Introduction
Today we're gonna take care of the bane of first-year linear algebra students: matrix definiteness! Apparently this doesn't yet have a challenge so here we go:
Input
- A \$n\times n\$ symmetric Matrix \$A\$ in any convenient format (you may also of course only take the upper or the lower part of the matrix)
- Optionally: the size of the matrix \$n\$
What to do?
The challenge is simple: Given a real-valued matrix \$n\times n\$ Matrix decide whether it is positive definite by outputting a truthy value if so and a falsey value if not.
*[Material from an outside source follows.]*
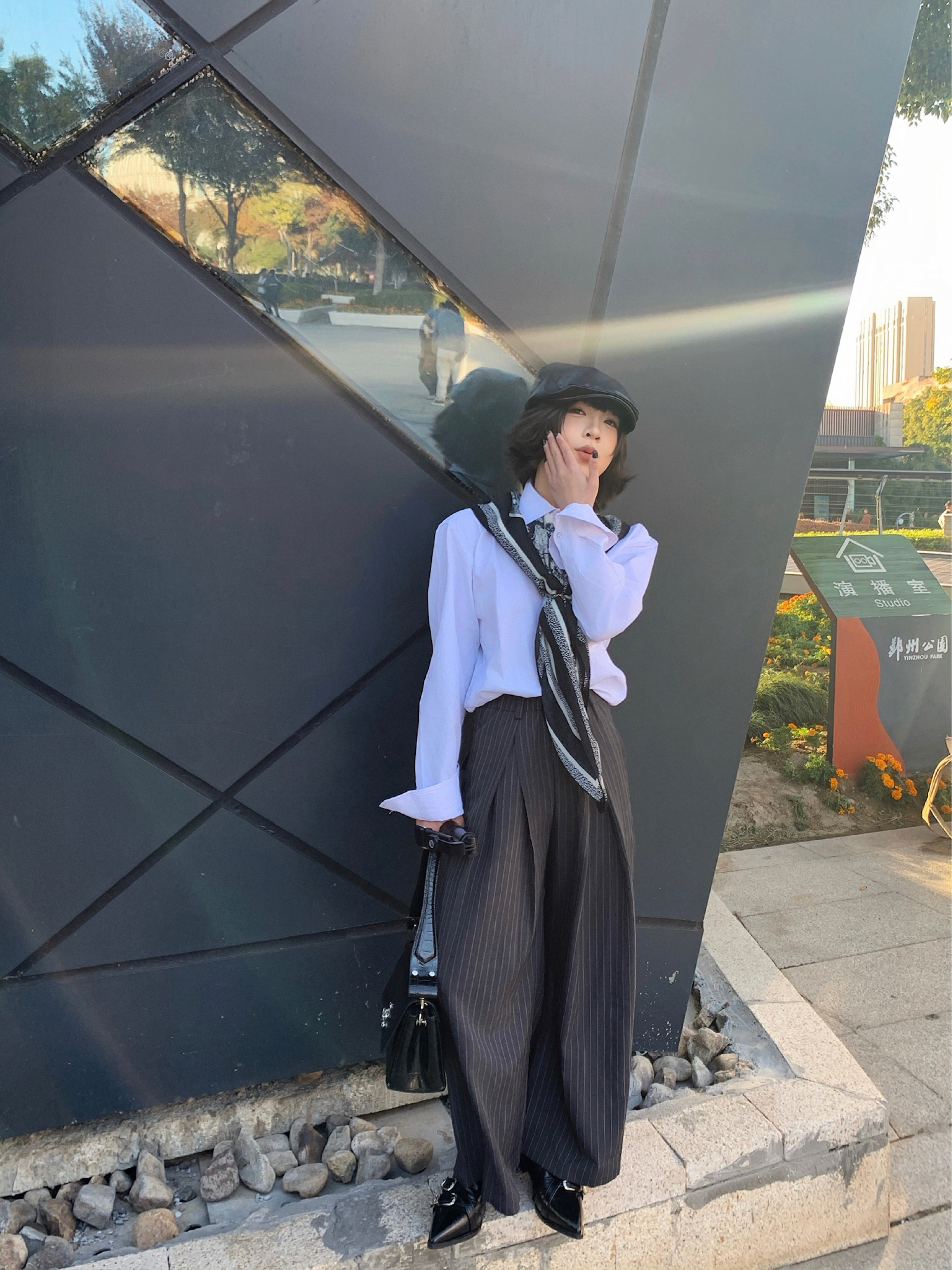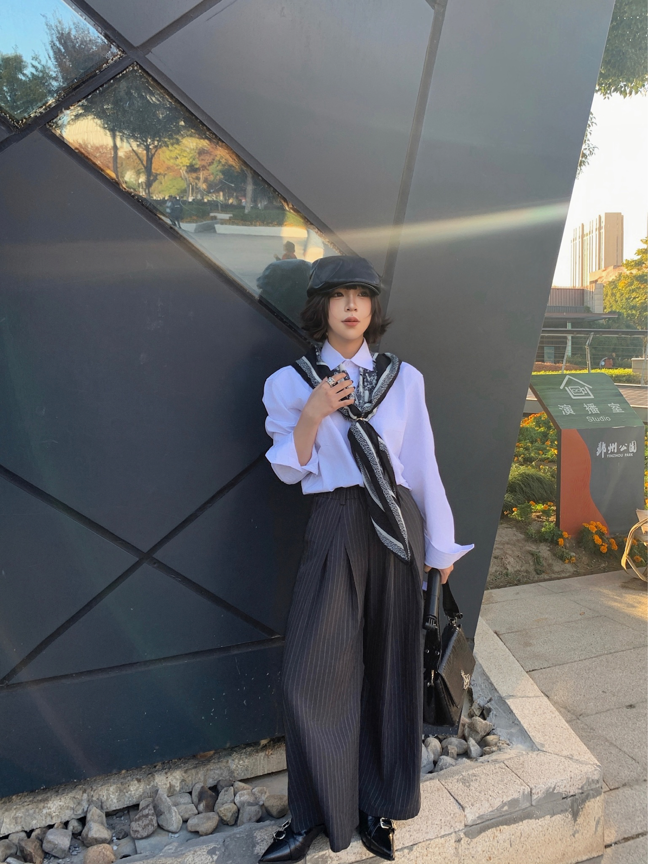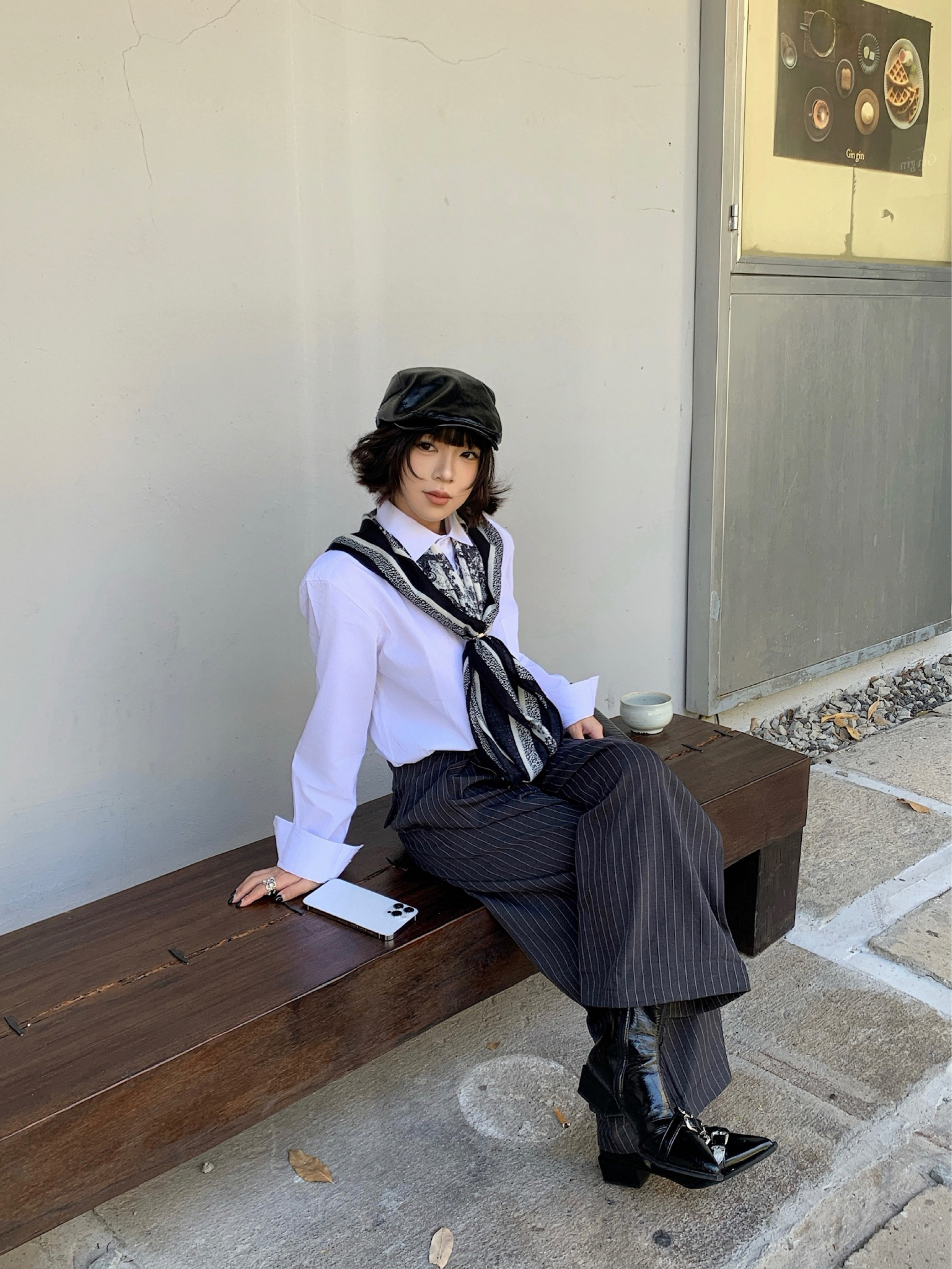 衬衫是老生常谈了,实穿性很强,显贵的办法就是衣服质感要好!! 搭配灰色条纹西裤,街边淘来的方巾做点缀,整体黑白灰三色,高级感手拿把掐! 皮质的靴子和皮质的前进帽相呼应,鞋子上的银色扣子和戒指💍相呼应,不要太会搭!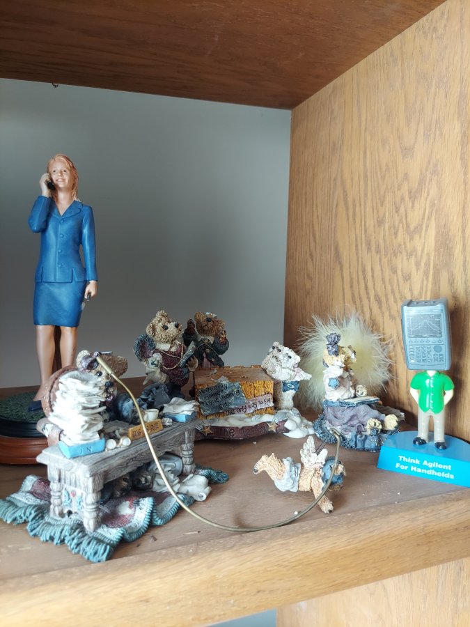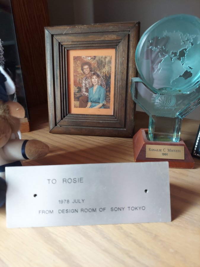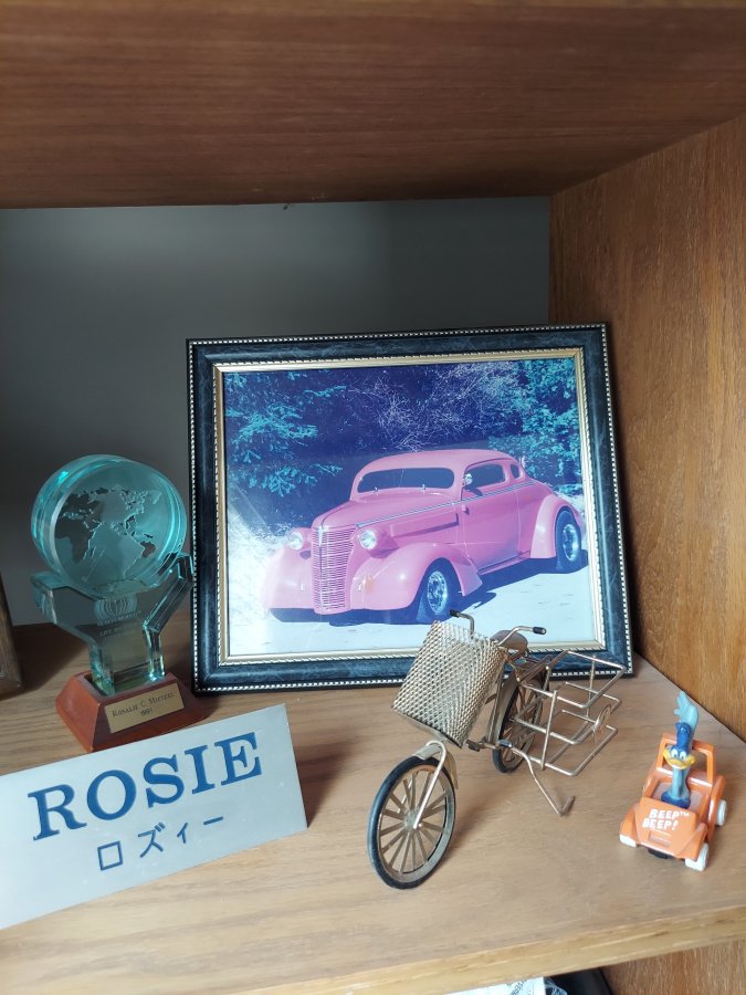 “This is another of Dad’s hotrods. He really likes this one a lot and has had it since 1996! And the sign that says ‘ROSIE’ was given to me by nice people from SONY Japan that I worked with. The Japanese letters tell them how to pronounce my name phonetically. And the glass trophy award was given to me at Realty World. “

You may assume your built-ins to actually work precisely and thus don't have to account for numerical issues which could lead to the wrong behaviour if the strategy / code "provably" should yield the correct result.
Who wins?
This is code-golf, so the shortest code in bytes (per-language) wins!
What is a positive-definite Matrix anyways?
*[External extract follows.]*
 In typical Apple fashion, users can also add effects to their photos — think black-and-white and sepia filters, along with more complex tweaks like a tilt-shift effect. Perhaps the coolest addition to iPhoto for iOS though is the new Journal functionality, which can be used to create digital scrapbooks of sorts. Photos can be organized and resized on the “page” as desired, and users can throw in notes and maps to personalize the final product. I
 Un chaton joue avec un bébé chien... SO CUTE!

There are apparently 6 equivalent formulations of when a symmetric matrix is positive-definite. I shall reproduce the three easier ones and reference you to Wikipedia for the more complex ones.
- If \$\forall v\in\mathbb R^n\setminus \{0\}: v^T Av>0\$ then \$A\$ is positive-definite.
This can be re-formulated as:
If for every non-zero vector \$v\$ the (standard) dot product of \$v\$ and \$Av\$ is positive then \$A\$ is positive-definite. - Let \$\lambda_i\quad i\in\{1,\ldots,n\}\$ be the eigenvalues of \$A\$, if now \$\forall i\in\{1,\ldots,n\}:\lambda_i>0\$ (that is all eigenvalues are positive) then \$A\$ is positive-definite.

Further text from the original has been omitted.